Growing more food with less pollution

2018 annual report

In America’s heartland, corn is king. More than 89 million acres were planted in 2018, enough to fill a freight train that would more than encircle the earth.

But growing corn has a steep environmental cost. Excess fertilizer runs off fields into rivers, lakes and groundwater, polluting drinking water around the Midwest and creating algae-filled dead zones.

It also forms nitrous oxide, a potent greenhouse gas.

Historically, farmers often didn’t know how much fertilizer to use, so they applied extra to be on the safe side. This hurts downstream communities.

Today, farmers increasingly want to use fertilizer more efficiently, which also saves money, and adopt other conservation practices.

Boosting conservation on millions of acres

corn

EDF’s collaboration with major food buyers including Campbell Soup Co., Land O’Lakes, Smithfield Foods and Walmart is raising the bar for sustainable large-scale agriculture.

We’re helping these companies measure progress toward their sustainability goals – and we’re helping farmers meet the new standards.

EDF has been a key ally for years. Our new partnership will bolster corn farmers’ tradition of stewardship, helping the environment, farm profitability and rural America.

Jon Doggett, CEO, National Corn Growers Association

That means partnering with farmers and trade groups to advance practices such as applying fertilizer more precisely, using no-till techniques that leave more carbon in the soil, creating buffers and wetlands along rivers and streams to improve water quality, and planting cover crops to protect the soil.

Today’s tech-savvy, data-hungry farmers are using these practices to reinvent their approach to the land. In 2018, to further accelerate progress, EDF partnered with the National Corn Growers Association, which represents about 80 percent of America’s corn farmers.

This partnership will greatly expand farmers’ access to our sustainability innovations and advice.

So far, our partnerships have resulted in improved fertilizer and soil management on more than 3.6 million acres of corn, with commitments to boost conservation on 20 million more.

By 2022, we aim to have such practices in place on 45 million acres, half of all U.S. cornfields.

“EDF is a trusted name in the country­side,” says Iowa grain farmer Bill Couser, who, with his son Tim, helps other farmers adopt new techniques. “EDF shows companies like Walmart how farmers operate.

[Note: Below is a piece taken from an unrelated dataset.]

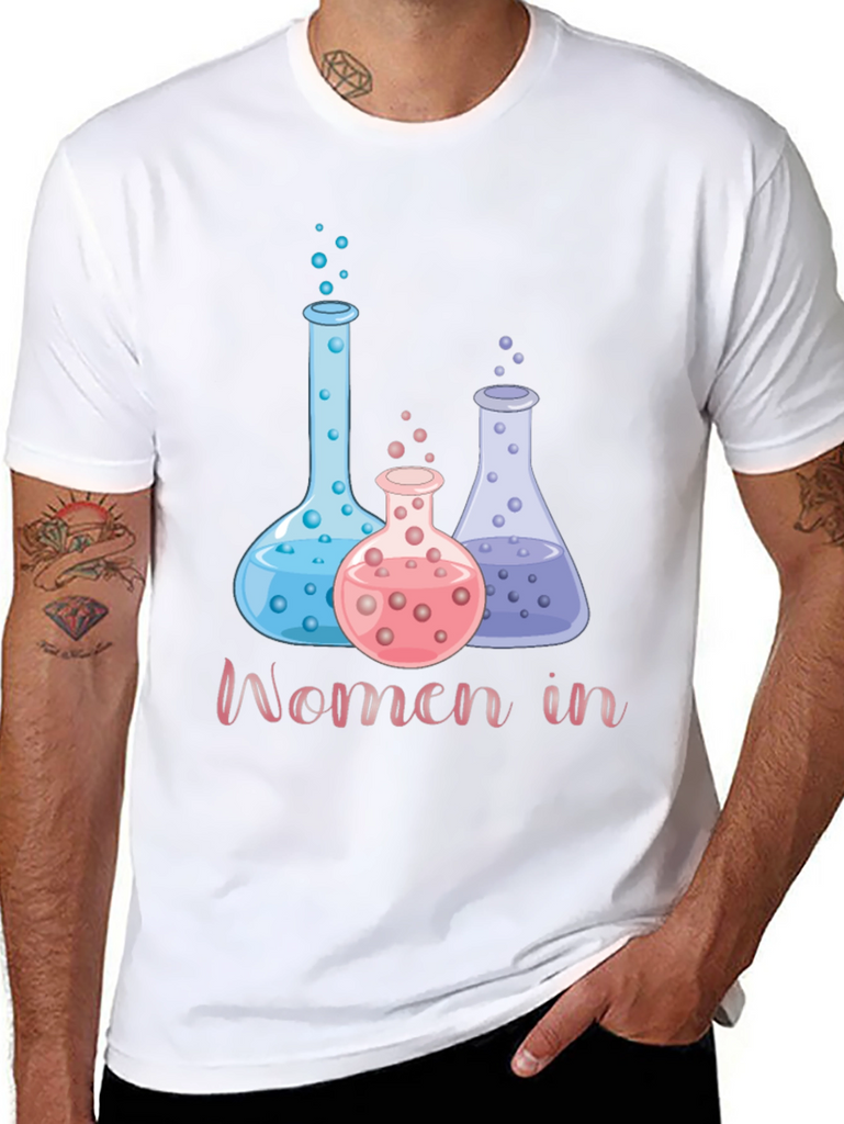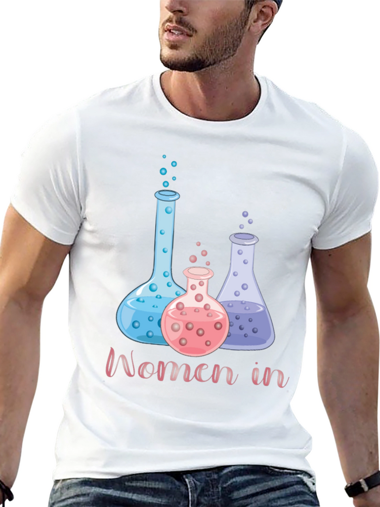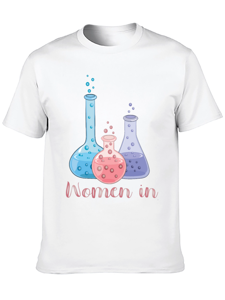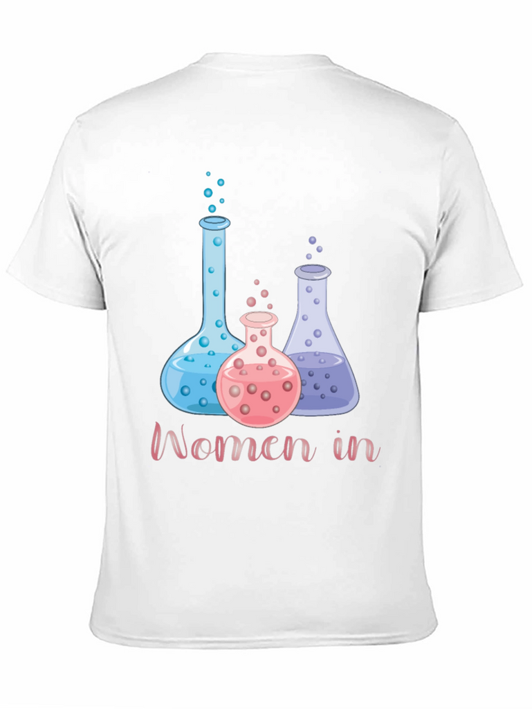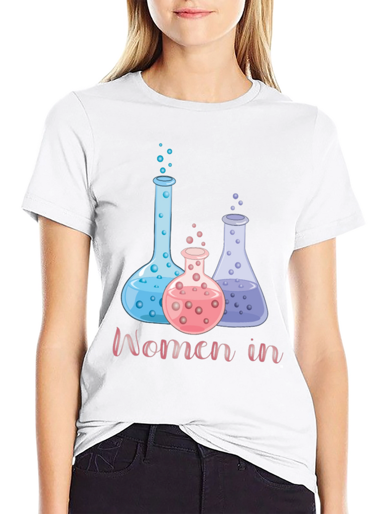 This black t-shirt features a playful and empowering design for women in science. The graphic showcases three colorful beakers filled with bubbling liquids, creating a vibrant and eye-catching visual. Below the beakers, the words "Women in" are written in a stylish, cursive font. Made from comfortable, breathable fabric, this t-shirt is perfect for casual wear. Show your support for women in STEM with this unique and stylish tee. It's a great conversation starter and a fun way to express your passion for science. Ideal for scientists, students, teachers, or anyone who believes in empowering women in STEM fields. A must-have addition to any science enthusiast's wardrobe!

Neither of us has all the answers, but EDF has persuaded us to move in directions I did not know were possible or practical.”

A water meter in the sky

Fourth Wave pioneer spotlight
Denise Moyle

Denise Moyle

As water supplies dwindle in the arid West, farmers and water managers are looking for dramatically more efficient ways to use water.

The question, according to Nevada farmer Denise Moyle, is, “How do I cut my water consumption by 50 percent over the next 30 years and still manage to grow a crop of alfalfa?”

One challenge is that many farmers don’t have access to data on evapotranspiration, or ET, a measure of the water they lose to the atmosphere through evaporation from the soil and transpiration through the leaves of plants.

By understanding ET, farmers have the power to cut down on excess water use while maintaining healthy crops.

That’s why EDF is working with NASA, the Desert Research Institute and others on OpenET, a web-based service that will harvest ET data from satellites and provide the results to farmers and water managers – nearly in real time. The data will help foster sustainable water use and encourage beneficial water trading programs.

If you give farmers better information on when they should and shouldn’t have their water on, you’re going to save water,” says Moyle. “I think that’s the greatest asset of OpenET.”